--- DATASET EXTRACT ---
------------------------------------------------

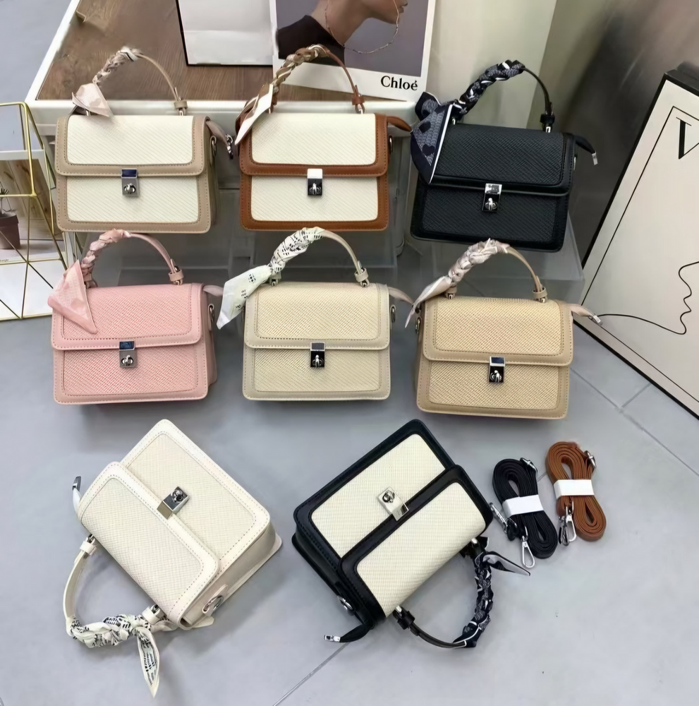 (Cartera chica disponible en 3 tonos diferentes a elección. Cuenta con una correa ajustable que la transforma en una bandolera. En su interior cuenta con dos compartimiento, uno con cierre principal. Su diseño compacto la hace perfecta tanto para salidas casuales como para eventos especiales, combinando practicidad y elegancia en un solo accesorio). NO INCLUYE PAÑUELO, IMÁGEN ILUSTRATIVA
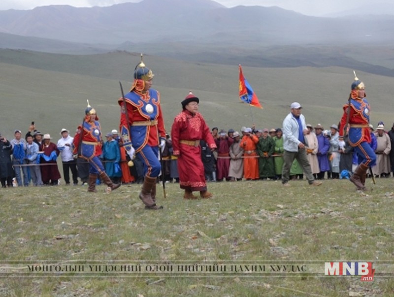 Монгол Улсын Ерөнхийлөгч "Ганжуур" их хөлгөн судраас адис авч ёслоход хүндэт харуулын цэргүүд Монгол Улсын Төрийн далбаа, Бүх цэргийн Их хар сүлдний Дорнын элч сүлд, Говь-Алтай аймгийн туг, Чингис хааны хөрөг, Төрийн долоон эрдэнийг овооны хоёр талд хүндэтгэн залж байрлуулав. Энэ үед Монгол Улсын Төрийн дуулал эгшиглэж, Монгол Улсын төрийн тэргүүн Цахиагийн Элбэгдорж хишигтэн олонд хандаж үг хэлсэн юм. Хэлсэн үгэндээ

------------------------------------------------

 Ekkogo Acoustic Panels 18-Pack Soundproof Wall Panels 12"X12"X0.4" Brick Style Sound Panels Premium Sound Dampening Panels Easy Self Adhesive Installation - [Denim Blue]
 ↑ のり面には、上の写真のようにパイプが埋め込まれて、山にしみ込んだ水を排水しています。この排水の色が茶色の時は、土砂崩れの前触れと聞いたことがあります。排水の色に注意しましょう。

------------------------------------------------

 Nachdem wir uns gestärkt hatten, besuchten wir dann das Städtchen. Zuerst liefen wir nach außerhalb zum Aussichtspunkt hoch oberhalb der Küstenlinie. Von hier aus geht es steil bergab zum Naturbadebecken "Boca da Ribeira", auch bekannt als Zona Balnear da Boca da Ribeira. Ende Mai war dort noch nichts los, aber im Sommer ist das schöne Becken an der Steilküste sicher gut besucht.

------------------------------------------------

--- TASK ---
Reproduce exactly the lines above starting at the line containing "(Cartera chica disponible" and ending at the line containing "Монгол Улсын Ерөнхийлөгч", including both, but not the pictures.

--- ANSWER TO THIS TASK ---
 (Cartera chica disponible en 3 tonos diferentes a elección. Cuenta con una correa ajustable que la transforma en una bandolera. En su interior cuenta con dos compartimiento, uno con cierre principal. Su diseño compacto la hace perfecta tanto para salidas casuales como para eventos especiales, combinando practicidad y elegancia en un solo accesorio). NO INCLUYE PAÑUELO, IMÁGEN ILUSTRATIVA
 Монгол Улсын Ерөнхийлөгч "Ганжуур" их хөлгөн судраас адис авч ёслоход хүндэт харуулын цэргүүд Монгол Улсын Төрийн далбаа, Бүх цэргийн Их хар сүлдний Дорнын элч сүлд, Говь-Алтай аймгийн туг, Чингис хааны хөрөг, Төрийн долоон эрдэнийг овооны хоёр талд хүндэтгэн залж байрлуулав. Энэ үед Монгол Улсын Төрийн дуулал эгшиглэж, Монгол Улсын төрийн тэргүүн Цахиагийн Элбэгдорж хишигтэн олонд хандаж үг хэлсэн юм. Хэлсэн үгэндээ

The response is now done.